In case you missed it today (and you probably did) Brian Stelter of The New York Times wrote a prominent piece on Katie Couric and some of the other TV anchors FINALLY fessing up to maybe not doing such a hot job on Iraq coverage.
Not exactly news to us. One hopes it wasn't news to Katie, but certainly the Scott McClellan publicity has caused numerous talking heads to finally face the issue, even if some are denying doing anything wrong.
I am quoted in the story blasting the media for not coming to grips with all this long ago, as revealed most recently in the lack of media self-assessment at the 5th anniversary of the invasion (which I wrote about here two months ago).
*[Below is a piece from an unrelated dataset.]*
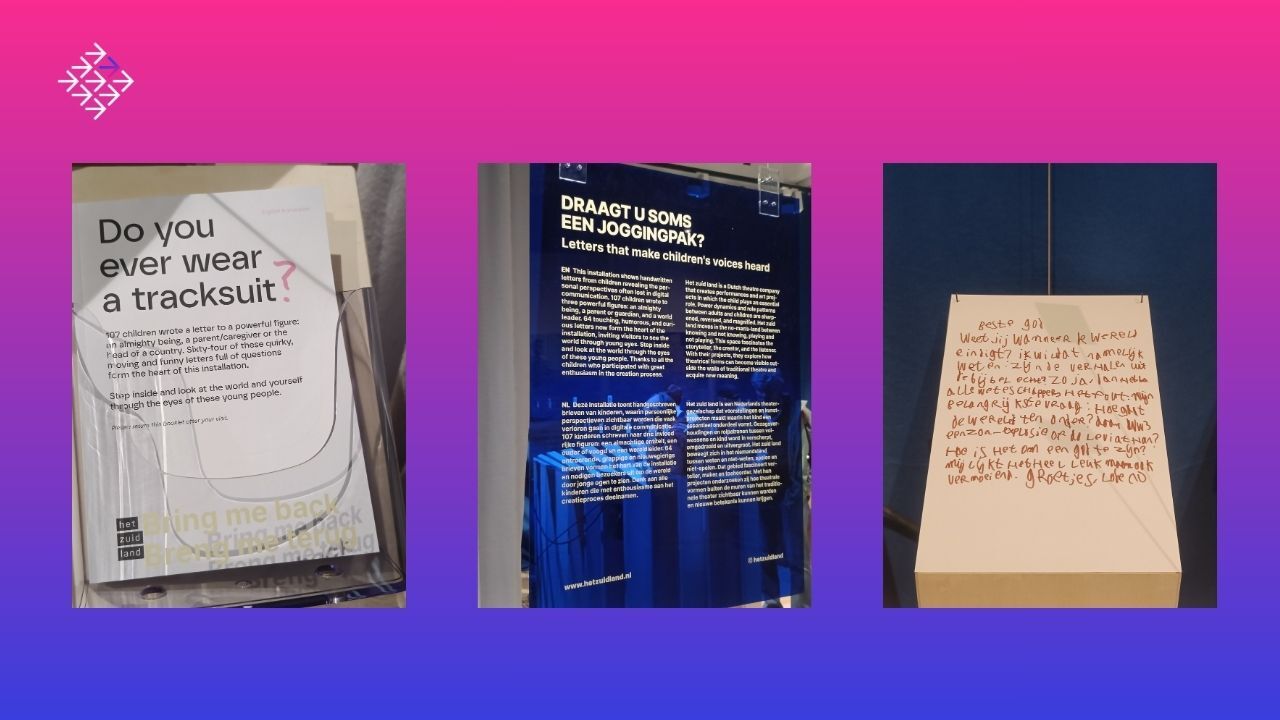 Carlijn: In het kunstproject ‘Draagt u soms een joggingpak?’ van theatergezelschap Het zuid land, geven handgeschreven brieven van kinderen een andere kijk op de wereld. Een handgeschreven brief maakt persoonlijke perspectieven zichtbaar en vormt een oprecht en authentiek gebaar in een wereld die steeds meer digitaal wordt.

Here's my paragraph in the story:
From the article:
Greg Mitchell, the author of "So Wrong for So Long," a book about press and presidential failures on the war, argues that some media organizations have yet to come to terms with their role. Even at the fifth anniversary of the war last March, he said, "in the orgy of coverage of what had happened, there was almost no media self-assessment."
The story notes that Katie Couric, the anchor of CBS Evening News, said on Wednesday that she had felt pressure from government officials and corporate executives to cast the war in a positive light:
"Speaking on 'The Early Show' on CBS, Ms. Couric said the lack of skepticism shown by journalists about the Bush administration’s case for war amounted to 'one of the most embarrassing chapters in American journalism.' She also said she sensed pressure from 'the corporations who own where we work and from the government itself to really squash any kind of dissent or any kind of questioning of it.' At the time, Ms. Couric was a host of Today on NBC."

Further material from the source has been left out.